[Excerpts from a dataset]
--- START ---
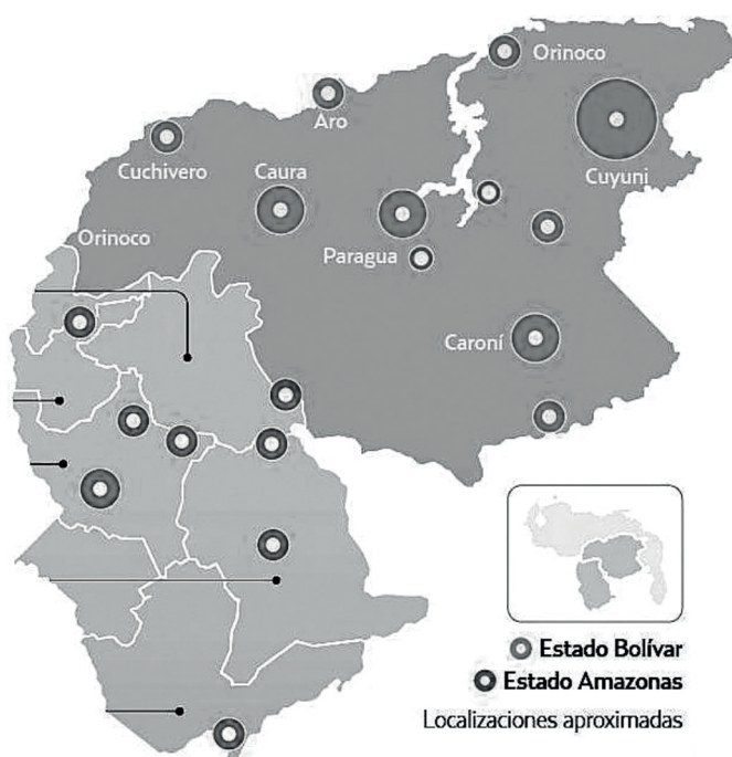
Gráfico 3. Cuencas afectadas por la minería ilegal en el estado Bolívar. Elaborado a partir de http://www.el-nacional.com/sociedad/control-logrado-extraccion-ilegal-Guayana_0_644935743.html
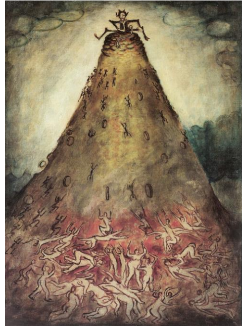
Čertova radost, 1975

V expresivitě však zašel mnohem dál, v strukturách, připomínajících mnohdy již reliéf, zhmotňoval své pocity a stavy, a tak se na počátku 30. let stal ještě před Jeanem Fautrierem anticipátorem informelu. Podobně lze uvažovat nad částí jeho díla v souvislostech s Dubuffetem a Art brut. Šlengrovo dílo má ikonický potenciál přesahující dějiny českého výtvarného umění.
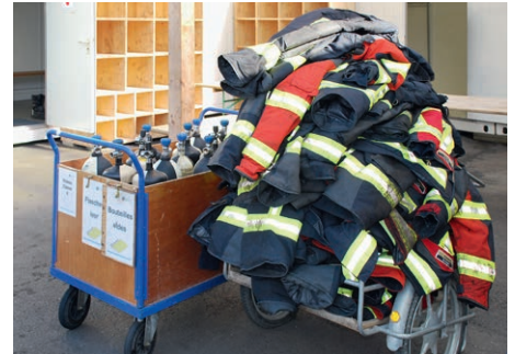
Die Brandschutz Ettiswil übernimmt auch die komplette Retablierung der eingesetzten Materialien
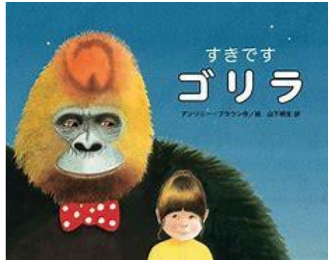
すぎです ゴリラ アンソニー・ブラウン／作・絵 山下 明生／訳 あかね書房
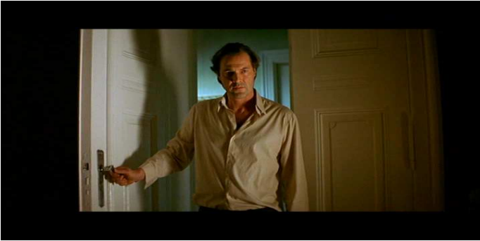
- Dreymans Wohnung

CHRISTA-MARIA Halt mich einfach nur fest. DREYMAN Ich bin ja bei dir.
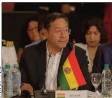
El presidente Luis Arce, ayer.

El Presidente de Bolivia denunció en el Mercosur afanes antidemocráticos
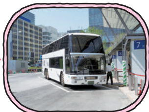
最寄りの駅より バスに乗る
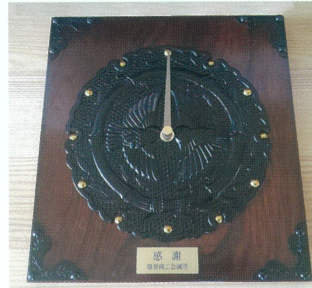
◀『感謝』の銘板を貼り付けた「仙台筆筒時計」。当所会員企業が製作しています
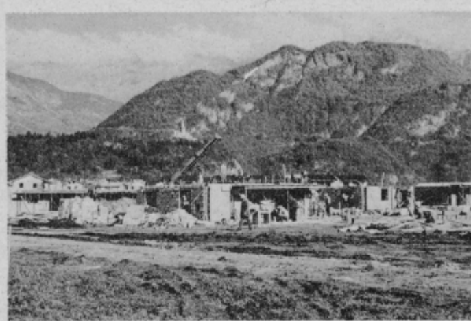
Delavci Gradisa gradijo visokopritlične kleti v Kobaridu.

Del okolice po potresu prizadete Kobarida je ves mesec oktober spreminjal svojo podobo. Tik ob robu mesta, kjer so domačini še pred mesecem pobirali krompir, koruzo in ostale polj-
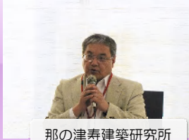
那の津寿建築研究所
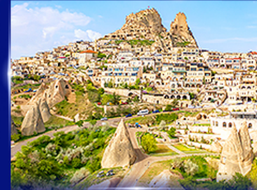
หุบเขาอูซึซาร์ คัปปาโดเกีย
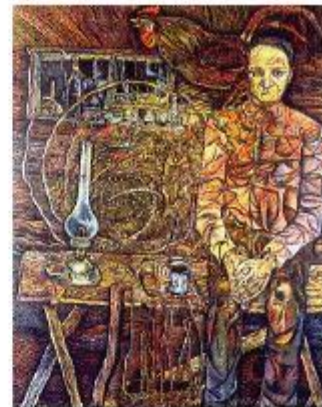
А. Платонов. Художник Н. Ромадин
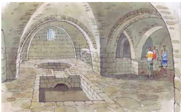
איור 5 | בית הבד של חסונה
--- END ---
Print all of the entries word for word. Omit the pictures they contain.

Gráfico 3. Cuencas afectadas por la minería ilegal en el estado Bolívar. Elaborado a partir de http://www.el-nacional.com/sociedad/control-logrado-extraccion-ilegal-Guayana_0_644935743.html
Čertova radost, 1975

V expresivitě však zašel mnohem dál, v strukturách, připomínajících mnohdy již reliéf, zhmotňoval své pocity a stavy, a tak se na počátku 30. let stal ještě před Jeanem Fautrierem anticipátorem informelu. Podobně lze uvažovat nad částí jeho díla v souvislostech s Dubuffetem a Art brut. Šlengrovo dílo má ikonický potenciál přesahující dějiny českého výtvarného umění.
Die Brandschutz Ettiswil übernimmt auch die komplette Retablierung der eingesetzten Materialien
すぎです ゴリラ アンソニー・ブラウン／作・絵 山下 明生／訳 あかね書房
- Dreymans Wohnung

CHRISTA-MARIA Halt mich einfach nur fest. DREYMAN Ich bin ja bei dir.
El presidente Luis Arce, ayer.

El Presidente de Bolivia denunció en el Mercosur afanes antidemocráticos
最寄りの駅より バスに乗る
◀『感謝』の銘板を貼り付けた「仙台筆筒時計」。当所会員企業が製作しています
Delavci Gradisa gradijo visokopritlične kleti v Kobaridu.

Del okolice po potresu prizadete Kobarida je ves mesec oktober spreminjal svojo podobo. Tik ob robu mesta, kjer so domačini še pred mesecem pobirali krompir, koruzo in ostale polj-
那の津寿建築研究所
หุบเขาอูซึซาร์ คัปปาโดเกีย
А. Платонов. Художник Н. Ромадин
איור 5 | בית הבד של חסונה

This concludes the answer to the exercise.